Load Balancing — Tier Sizing, Retry Storms, Load-Shedding, GSLB & L7-vs-Volumetric (Deep Dive)
The load balancer is a system you have to size, not just configure
Every other Load Balancing lesson in this guide teaches the LB as a routing decision — which algorithm, which layer. This one teaches the LB as infrastructure you must provision, that fails in specific ways, and that other tiers depend on behaving well: how many boxes you actually need, what happens when a slow tier makes everyone retry, how a duplicate write from that retry stops being dangerous, when the fleet should deliberately say no, how a request finds the right region before it ever reaches your LB, and why the LB itself cannot stop a volumetric flood.
1. Tier sizing: turning capacity ceilings into an instance count
An LB instance runs out of capacity along three independent ceilings, and you must size against all three — whichever is worst wins:
- CPU / TLS handshake cost. The expensive part of TLS is the asymmetric key exchange (ECDHE) done once per new connection, not the symmetric bulk encryption after (AES-NI makes that nearly free). So the CPU ceiling scales with new-connection churn (handshakes/sec), not with steady bandwidth.
- NIC bandwidth (Gbps). A hard line-rate ceiling per instance, independent of CPU — a balancer can have idle cores and still be saturated on the wire.
- Memory / max concurrent connections. Every open connection holds socket buffers + TLS session state in RAM. Enough concurrent connections exhausts memory long before CPU or bandwidth do.

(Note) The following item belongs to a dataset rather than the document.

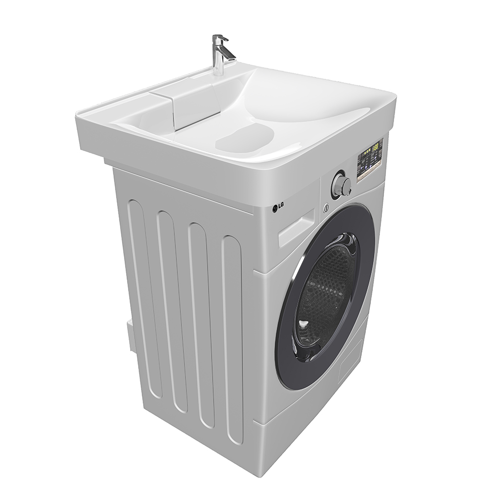 Функциональная раковина Laundry (Лаундри) разработана специально для малогабаритных ванных комнат, в которых установлена стиральная машина с фронтальной загрузкой белья.
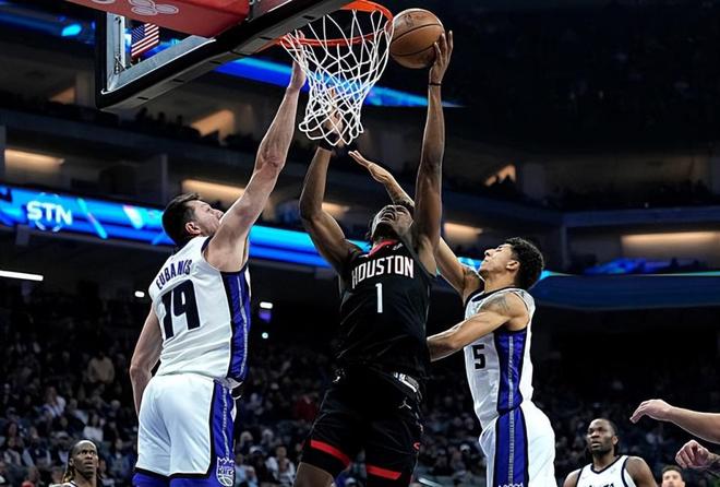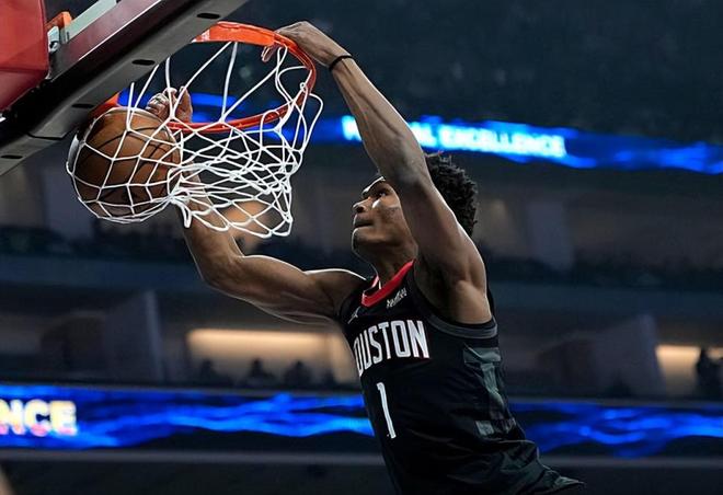 本场比赛中,火箭虽然输掉了比赛,但是球队的先发控卫阿门-汤普森(Amen Thompson)的表现算得上是令人刮目相看。阿门全场出场41分13秒,投篮17中11,三分线外1中0,罚球12中9,得到了全场最高分31分外加13篮板6助攻的数据,其中还包括了6个前场篮板,还有5次失误和2次犯规,正负值为-13。阿门在进攻端不断通过突破和内线冲击给对手制造威胁,他的篮下得分能力和终结能力非常出色,他在前场篮板争抢方面的表现也算得上是可圈可点,对手确实是很难对他的强攻进行限制,他也是得到了大量的分数。不过问题就在于,阿门出现了大量的失误,他在传球和组织方面的能力也是非常有限的,他能够靠着个人能力完成得分,但是他根本没有能力有效串联起球队的进攻,他在场上时球队的局面显然也是令人非常失望的。虽然数据出色,但是实际上他并不能帮助球队走向胜利。

Worked example. Target load at peak: 250,000 new TLS handshakes/sec (churn — many short-lived mobile/API clients), 40 Gbps sustained throughput, 2,000,000 concurrent open connections. Each LB instance is an 8-vCPU box with a 10 Gbps NIC and 32 GB RAM.
| Ceiling | Per-instance capacity | Basis | Instances needed |
|---|---|---|---|
| CPU / TLS handshakes | 60,000 handshakes/sec (6 of 8 cores × ~10,000/core; 2 cores reserved for OS, health checks, L7 parsing) | 250,000 ÷ 60,000 | 5 (rounds up from 4.2) |
| NIC bandwidth | 7 Gbps usable (10 Gbps line rate × ~70% safety margin) | 40 ÷ 7 | 6 (rounds up from 5.7) |
| Memory / concurrent conns | 500,000 conns (24 GB budget ÷ ~48 KB per connection's TCP+TLS state) | 2,000,000 ÷ 500,000 | 4 |
Since every instance adds capacity on all three axes at once, the fleet only clears every ceiling once it clears the worst one: N = max(5, 6, 4) = 6 instances. Here bandwidth — not CPU, the one people reach for first — is the binding constraint. Add N+1 redundancy so one instance failing mid-peak doesn't drop you below any ceiling: 7 instances provisioned.

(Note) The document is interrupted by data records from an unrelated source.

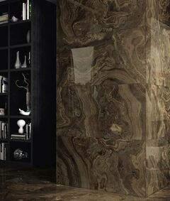 Поскольку основное назначение коллекции – внутренние помещения, фабрика решила выпускать коллекцию исключительно в полированном (lappato) варианте исполнения. Полированная поверхность придает особую глубину цвета и подчеркивает элегантность рисунка мрамора. Цветовые переходы становятся более выраженными, а "трещины" и цветные вены заметнее. Второй аспект – это предназначение плитки из серии NAXOS RHAPSODY преимущественно для интерьеров квартир и частных домов. По этой причине коллекция предлагается в двух основных форматах – 60х60 и 60х120 при толщине плитки 7 мм. Для внутренних приватных интерьеров такой толщины вполне достаточно и позволяет с легкостью использовать плитку как для укладки на пол, так и для облицовки стен, а небольшой формат позволяет легко адаптировать дизайн как к сложным поверхностям небольших помещений, так и к весьма просторным.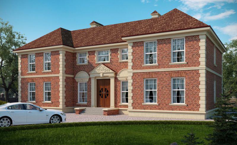 La maison finie dans le style anglais semble massive et stricte. La façade se distingue par l'utilisation de matériaux naturels. En règle générale, un tel bâtiment peut être décrit comme un bâtiment en pierre à la façade large qui, toutefois, attire l’attention avec clarté des lignes et précision. En règle générale la maison est en plâtre et faite de briques rouges avec de la maçonnerie classique. Le revêtement, le plâtre léger et les décorations de façade ne sont pas considérés comme un style britannique traditionnel.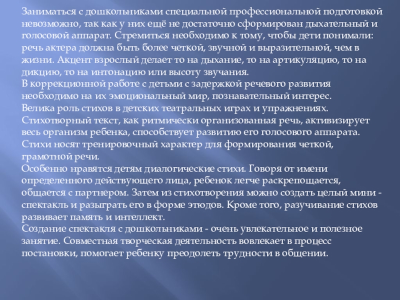 Велика роль стихов в детских театральных играх и упражнениях. Стихотворный текст, как ритмически организованная речь, активизирует весь организм ребенка, способствует развитию его голосового аппарата. Стихи носят тренировочный характер для формирования четкой, грамотной речи.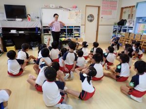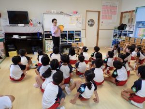 10月9日(木)英語教室 2025年10月9日 年長、年中の英語教室がありました。曲に合わせたり体を動かしたりしながら楽しく学んでいました。「保護者専用ページ」に年長さんの英語教室の様子をアップしました。 前の記事 一覧へもどる

The habit this trains: never size off one number (usually average QPS). Compute the instance count each ceiling implies independently, then take the max — and only then add N+1. A plan sized off CPU alone in the example above would stop at 5 instances — enough handshake capacity, but only 5 × 7 = 35 Gbps of NIC headroom against the 40 Gbps target: a 12.5% bandwidth shortfall that only shows up once real peak traffic arrives.
2. Retry storms: how one slow tier becomes an outage
A request rarely crosses one retrying layer — it typically crosses three: the edge/LB tier retries
a failed upstream, the service tier retries its own downstream call, and a DB-proxy/connection-pool
tier retries a failed query. If each tier independently retries up to 3×, the attempts
compound: 3 × 3 × 3 = up to 27× the original request rate can land back on the one dependency that is
already struggling — see the diagram above. This is the LB-tier-specific, worst-case multiplicative view; the
general feedback-loop version of the same failure (effective load = arrivals ÷ (1 − p),
which is what actually happens continuously as retry-probability p climbs) is derived in
Traffic Amplification: Fan-out & Retry Storms — this section is the "why does it specifically compound
per LB tier" companion to that trace.
The result is a metastable failure: the original trigger (a GC pause, a hot shard) can clear in seconds, but the retried backlog it created is now the actual bottleneck, and the system does not recover on its own — it keeps re-overloading the one place trying to heal.
The fix — three independent controls, not one
- Retry budgets. Cap total retry traffic to a small fraction of normal traffic — e.g. a token bucket that allows retries only up to ~10% of the request rate. Once the budget is spent, further failures fail fast instead of retrying — the fleet degrades to "some errors" rather than "everyone retries into collapse."
- Exponential backoff + jitter. Fixed-interval backoff re-synchronizes every client's next attempt into the same instant (a thundering herd); backoff that grows exponentially and adds randomness spreads retries out in time so they don't recreate the spike that caused the failure.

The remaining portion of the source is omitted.